DIRECTIONS FOR THIS TASK » Using the listing below, set down exactly the lines starting at the line that contains "在 约克大学, 你 将" and ending at the line that contains "2 Cabinas 1", both included, and no others.
*** Opening of INFORMATION SHOWN ***
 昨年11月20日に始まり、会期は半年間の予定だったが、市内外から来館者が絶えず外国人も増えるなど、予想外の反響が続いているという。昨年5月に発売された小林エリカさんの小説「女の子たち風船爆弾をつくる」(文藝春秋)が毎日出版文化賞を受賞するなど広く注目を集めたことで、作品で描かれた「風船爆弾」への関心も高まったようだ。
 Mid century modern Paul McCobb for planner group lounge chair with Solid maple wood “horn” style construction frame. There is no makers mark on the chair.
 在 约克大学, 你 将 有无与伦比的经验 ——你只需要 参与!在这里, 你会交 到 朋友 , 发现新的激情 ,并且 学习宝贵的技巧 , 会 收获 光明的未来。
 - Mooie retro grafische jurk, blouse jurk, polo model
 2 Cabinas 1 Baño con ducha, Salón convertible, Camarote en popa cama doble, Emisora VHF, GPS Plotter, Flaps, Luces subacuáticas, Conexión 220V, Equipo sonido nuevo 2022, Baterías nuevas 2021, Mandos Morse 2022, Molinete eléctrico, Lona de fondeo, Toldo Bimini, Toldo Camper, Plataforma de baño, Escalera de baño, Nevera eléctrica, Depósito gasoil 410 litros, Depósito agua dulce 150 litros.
*** Close of INFORMATION SHOWN ***
*** Opening of INFORMATION SHOWN ***
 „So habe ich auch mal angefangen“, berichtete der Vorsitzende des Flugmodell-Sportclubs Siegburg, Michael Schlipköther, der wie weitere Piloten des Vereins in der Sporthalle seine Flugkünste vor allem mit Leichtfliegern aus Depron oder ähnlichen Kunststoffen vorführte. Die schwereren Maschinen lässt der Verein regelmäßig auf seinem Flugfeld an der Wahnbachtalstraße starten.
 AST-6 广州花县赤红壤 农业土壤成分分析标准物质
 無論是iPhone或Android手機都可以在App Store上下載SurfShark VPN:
*** Close of INFORMATION SHOWN ***
OUTPUT OF THE EXERCISE »
 在 约克大学, 你 将 有无与伦比的经验 ——你只需要 参与!在这里, 你会交 到 朋友 , 发现新的激情 ,并且 学习宝贵的技巧 , 会 收获 光明的未来。
 - Mooie retro grafische jurk, blouse jurk, polo model
 2 Cabinas 1 Baño con ducha, Salón convertible, Camarote en popa cama doble, Emisora VHF, GPS Plotter, Flaps, Luces subacuáticas, Conexión 220V, Equipo sonido nuevo 2022, Baterías nuevas 2021, Mandos Morse 2022, Molinete eléctrico, Lona de fondeo, Toldo Bimini, Toldo Camper, Plataforma de baño, Escalera de baño, Nevera eléctrica, Depósito gasoil 410 litros, Depósito agua dulce 150 litros.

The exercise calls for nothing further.